Algumas dessas circulam no país?
Posso dizer que a genética do coronavírus que circula massivamente em Portugal tem a mutação que se pensa que esteja associada à maior transmissibilidade do vírus.

O estudo também revelou que o coronavírus terá entrado no país a 20 Fevereiro, duas semanas antes dos primeiros casos diagnosticados. As medidas tomadas poderiam ter avançado ainda mais cedo?
A nível da introdução do vírus em Portugal era muito complicado fazer algo diferente. Sabemos hoje que a introdução deste coronavírus foi através das fronteiras, tanto terrestre como aérea. Não duvido de que, se Portugal tivesse optado por encerrar as fronteiras logo no início da pandemia, teríamos vivido um primeiro período de forma muitíssimo mais suave, mas se me pergunta se tal era razoável, dir-lhe-ia que não. Não sou economista, mas digo que uma medida destas teria provocado um rombo imediato na economia. Portanto, se poderia ter sido feito, digo que sim. Se deveria ter sido feito, eventualmente não. Penso que as autoridades actuaram na altura em que acharam que deveriam actuar.

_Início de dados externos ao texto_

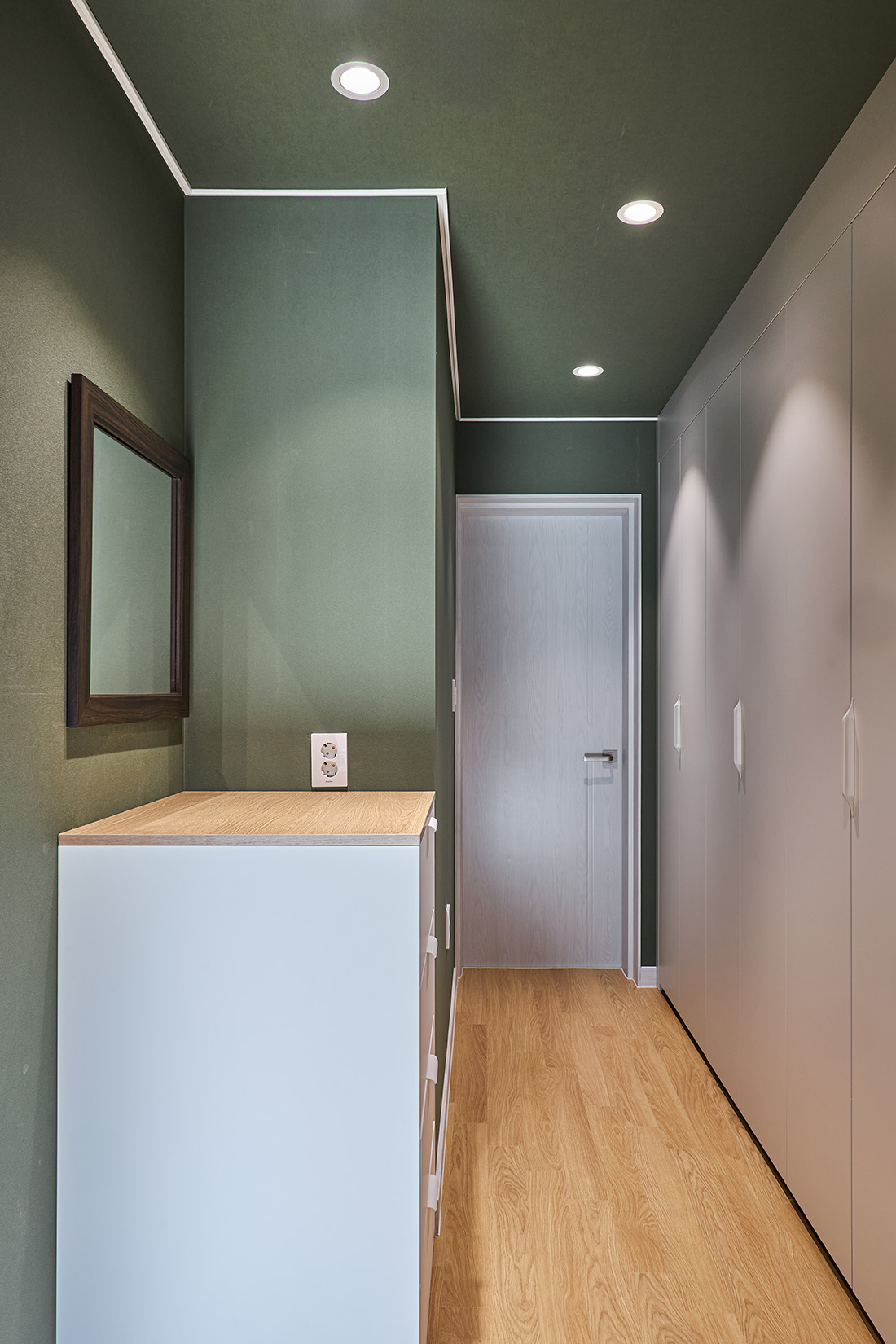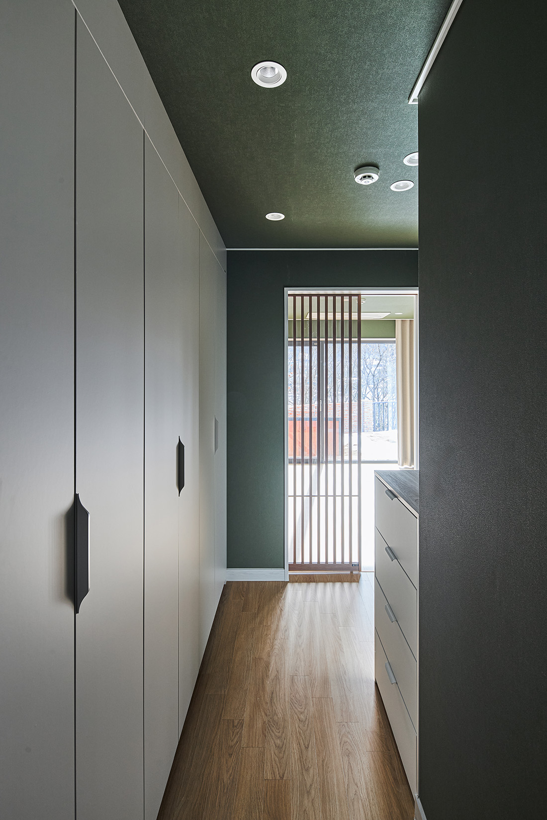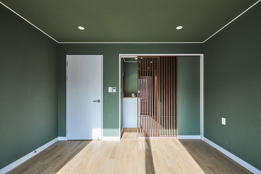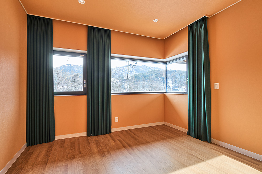 안방은 짙은 녹색 벽으로 감싸져 있어 들어서는 순간 마음이 가라앉는다. 바깥과 맞닿은 쪽에는 목재 펜스를 두어 시선을 차단하고, 드레스룸과 자연스럽게 연결해 사적인 영역이 이어진다. 2층에 해당하는 서재는 또 다른 성격을 지닌다. 오렌지색 벽과 천장은 따뜻한 긴장감을 주고, 짙은 초록 커튼은 강한 색 대비를 이루며 빛을 제어한다. 코너창에 서면 두 방향으로 펼쳐진 풍경이 한눈에 들어오고, 앉아서 책을 읽을 때는 시간의 흐름까지 느껴진다.

João Paulo Gomes acredita que Portugal não poderia ter feito mais do que fez nos primeiros tempos de pandemia, embora, reconheça, que algumas medidas foram tardias, como o uso de máscara generalizado.
© Orlando Almeida Global Imagens

E em relação ao uso de máscara generalizado, por exemplo nos transportes públicos?
Em relação ao uso de máscara generalizado penso que poderá ter existido algum atraso na tomada desta medida. Os transportes públicos na hora de ponta estão completamente lotados e a proximidade das pessoas é grande. Talvez esta tenha sido a grande falha. Mas apesar de haver muitas críticas continuo a dizer que Portugal até esteve muito bem e que se as autoridades não fizeram melhor é porque não sabiam como o fazer.

Falou no encerramento de fronteiras. A Nova Zelândia encerrou fronteiras, abriu e fechou. É assim que se consegue conter o vírus?
Não duvido de que é no controlo da mobilidade que vive grande parte da solução para a covid-19. Agora qual o grau de controlo que deve ser feito não sei dizer. O equilíbrio entre a reabertura da economia e o manter a covid-19 em níveis baixos é muito difícil de alcançar. É preciso coragem para tomar medidas que não são populares.

“Mesmo depois da vacina, vigilância ao coronavírus deve ser mantida”.

Como olha para as estratégias dos EUA ou do Brasil em relação à covid-19?
Acho que é uma estratégia louca. Porque a teoria da imunidade de grupo só seria possível num hipotético mundo perfeito no qual pudéssemos resguardar completamente os grupos de risco. Se assim fosse, se se calhar a solução seria essa. Mas não é assim. O mundo não é perfeito, está muito longe disso, e não conseguimos resguardar os mais frágeis. Veja o que se passa nos lares e com os mais desfavorecidos nos EUA ou no Brasil, onde a mortalidade é um cenário absolutamente indescritível.

Mesmo depois de uma vacina o INSA vai continuar a vigilância ao coronavírus?
Espero que as vacinas venham a criar imunidade de grupo e que travem o que se está a passar. Tenho esperança de que as coisas corram bem, mas não tenho dúvidas de que um dos principais temas de investigação na era pós-vacinal vai ser precisamente vigiar geneticamente o aparecimento de mutações no vírus que possam estar associadas a processos de falência individual ou a uma menor eficácia da vacina.

O que o assusta mais na covid-19?
O que me assusta mais é a economia. Acho que estamos a viver algo pelo qual vamos todos pagar muito caro. Acho que ainda não despertámos para a realidade do que se está a passar em todo o mundo. É isto que mais me assusta, porque penso que a vacina irá resolver a maior parte dos problemas que se colocam a nível de saúde.